So I took the quiz and filled out some paperwork. While doing this I got a taste of the people who use this service. I ended up filling out my paperwork alongside a gentleman who had been working at a Labor Ready for years in Wisconsin and had moved into SD the day before. Another man shared his opinion about how blonde jokes give blonde people a bad rep. He went on to explain that they are so intelligent and swift that sometimes they don't get the emotional side of things. It was all sort of random but I pretty much felt he had reverse prejudice going on. Meanwhile, a business called in to have someone assigned for a job the next day. The other story I heard gave me a little more insight to the people that the workers at Labor Ready are used to dealing with. The receptionist said that some woman had called and asked a question about what time an application was due. The receptionist said that she told the woman it was due at 2 p.m., to which the woman responded "2 p.m. in the morning or the afternoon?"
Shortly after I turned my forms in and she went over it and was shocked that out of about 25 questions I had only gotten one question wrong and I needed to correct it to be finished. She also pointed some things out to me that I'd forgotten to sign. I did that quickly and came back. Again she was surprised at how quickly I had corrected my error. I could sort of see why after her stories. Apparently she was impressed because she asked me if I wanted to do the job that had come in while I was filling out my application. Tomorrow morning I have to be in town at 6am, so that I will be ready to drive someone around for four to five hours while they take down data. That was as much information as I got. I don't need a CDL and I'll be driving the car they drove up from Virginia. They did require that a copy of my license be sent over and that I filled out a sheet for consent. We'll see how it goes.
Labor Ready opens at 4am every morning and closes at 7:30 p.m. every day. I found out that this is because they work with one company that has a 6am-6pm shift and a 6pm-4am shift almost every day. I guess they package gaming cards. She gave me Pokemon as an example. This clued me in to why the lawn chairs were sitting in the corner. I'm betting that people line them up and sit in them while they wait to be assigned work.
In order to be approved to work for the gaming card company I had to do a drug screening test. The last drug test I did for my internship during school was at an off-campus location so I expected to have to it somewhere else and send the results back.
Apparently, this was not the case.

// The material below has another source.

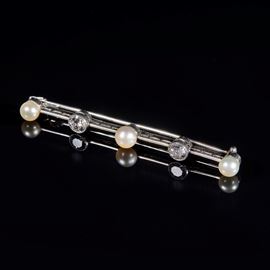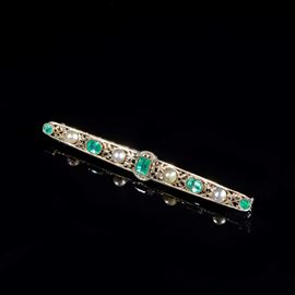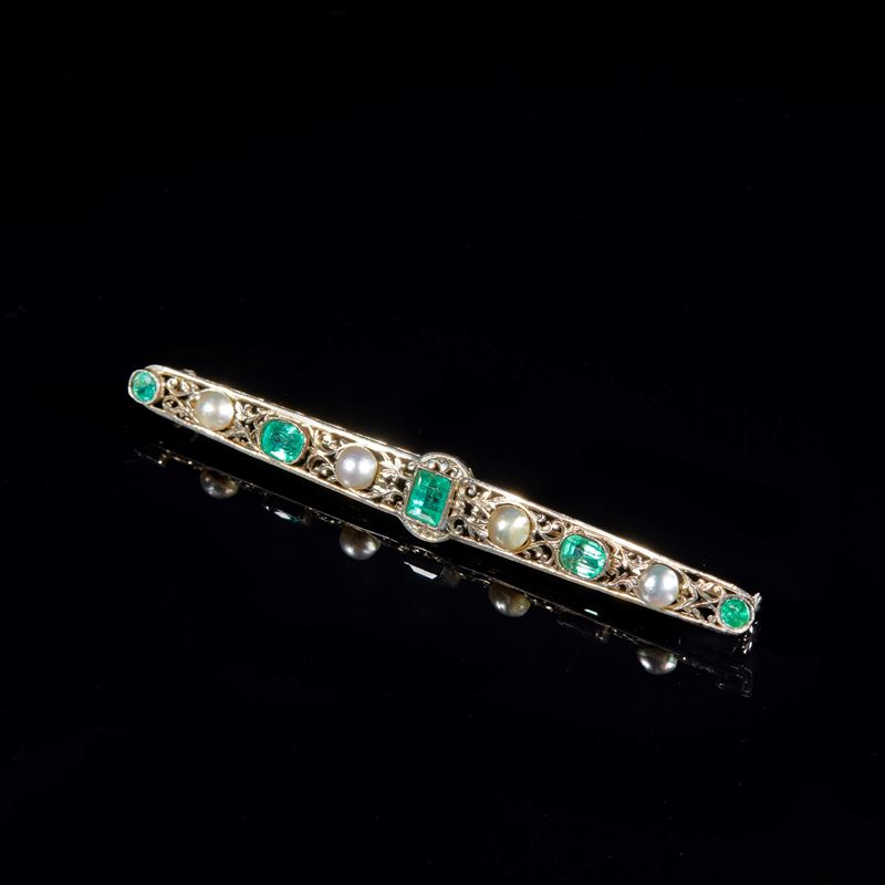 Spilla in oro bianco, realizzata come una barretta allungata, traforata e incisa, decorata ad alternanza di smeraldi e perle. Peso complessivo 6,2 grammi.

I was to take the test there and bring the sample out for her at the counter when I was done. At this point, I'm optimistic because that means no waiting and I could hopefully start tomorrow. However, when I get out of the restroom I saw that the nice older gentleman was standing at the counter waiting get his paperwork approved. I, being modest as I assume anyone else would have been at this point, looked at her blankly waiting for instructions with the sample close at my side and out of sight and said, "I have the sample." "Well, put it on the counter," she countered, not caring one iota about my self-respect at that time, and then realizing too late why I was hesitant. "Everyone does it!" she blurted and then continued to ramble as I meekly set it on the counter, "It's a natural thing, right?" she asked the gentleman next to me, much to my mortification as he nodded and said yes. Until that point I was able to pretend he wasn't in the room, but she had to go and pull him into the conversation. "Everyone does it, no need to be embarrassed." Yea, ok. Easy for you to say, lady.
Needless to say, not a huge deal, but not the most comfortable situation. And obviously I passed.

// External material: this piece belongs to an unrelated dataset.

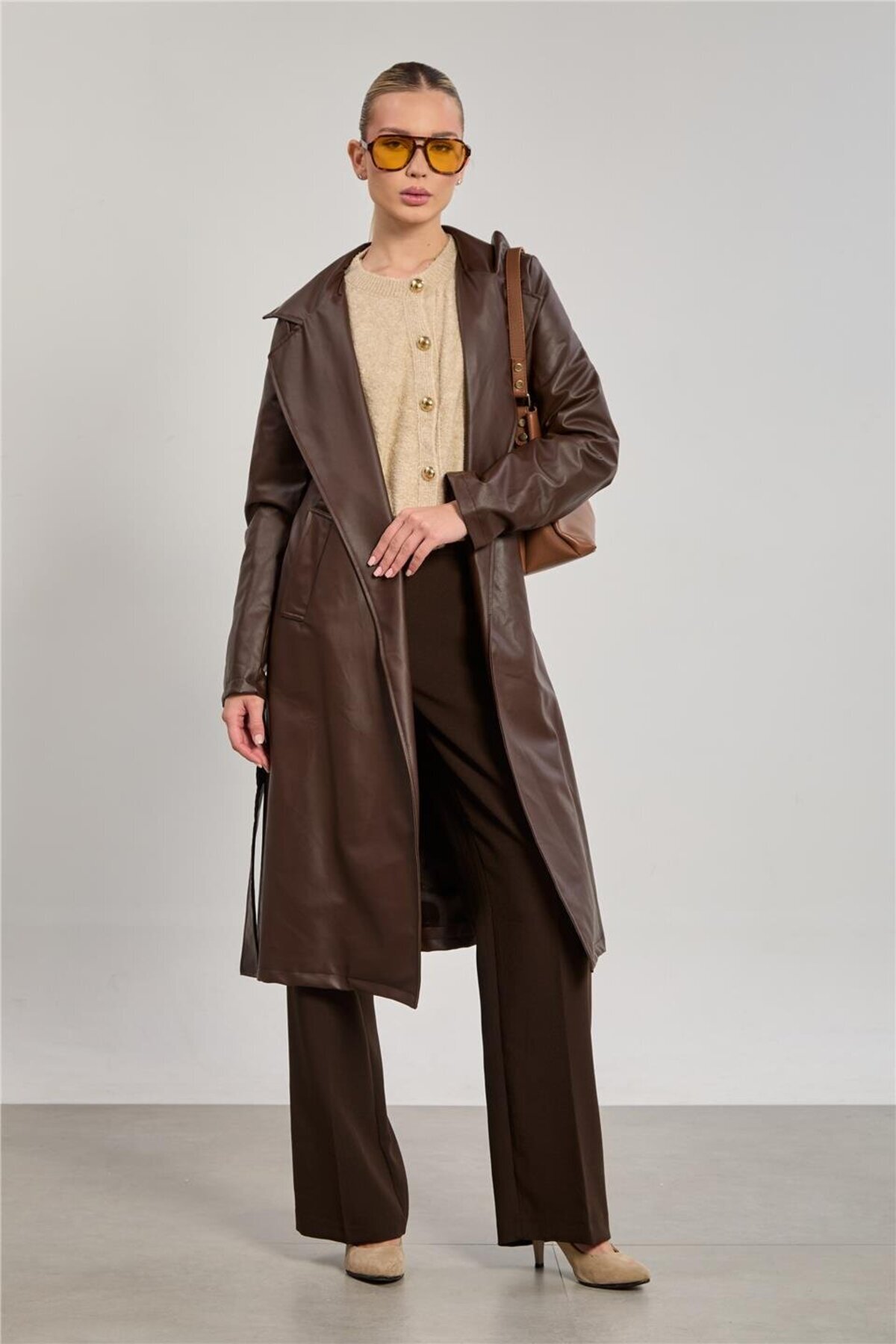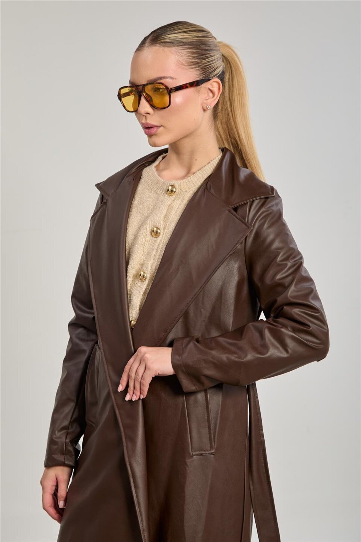 Kadın Deri Görünümlü Suni Trençkot - Acı Kahve Kadın Deri Görünümlü Suni Trençkot - Acı Kahve 1015-25K002 L

So, I'm hoping that tomorrow I'll be able to work in the morning, take a short nap, and take the 6pm-4am shift. It's gonna be tough and I'm very sure that it will be very boring. But, I'll bring some headphones with me and see if I can get away with listening to that while I work. Oh, I get a sack lunch provided to me, too.
Pretty successful, and yet another example of how things can work out even when you hem and haw and really don't want to do it.
Friday, June 24, 2011
And so the saga begins...
Well, after spending way too much time trying to be clever about the titles and layout of this site I've given up and decided to just start writing and let the rest come later. I did manage to come up with a title with some help from my mom. It's an old phrase that was used (as my mom researched) dating back to WWII. People said that something could be created or held together by "using shoelaces and chewing gum". I thought it fit because it speaks to being resourceful when trying to solve a problem. It actually reminded me of a time when I was a kid. I had a basket full of old thread spools and pipe cleaner that I was determined would somehow come together and be the next latest and greatest invention. Obviously, that didn't happen and really only amounted to some odd something my mom must have found and laughed at later on. But, hopefully this blog will be full of stories about me creatively solving new problems thrown my way.
For those reading who don't already know my story (although it is unlikely anyone outside of my immediate friends and family will read this), I will provide a little bit of background. The rest of you can consider this a refresher course.
I grew up in the Upper Peninsula of Michigan playing a lot of softball and doing well in school. I didn't often think much about my future. On a whim, I decided to attend Elmhurst College, which is in a suburb of Chicago, and to continue playing softball. I played for two years, wasn't in love with it anymore so I found something else to do. That "something else" was anything I could get my hands on. I had two internships, participated in three clubs (started one of my own related to sustainability) and eventually became our student government president, all while staying academically strong.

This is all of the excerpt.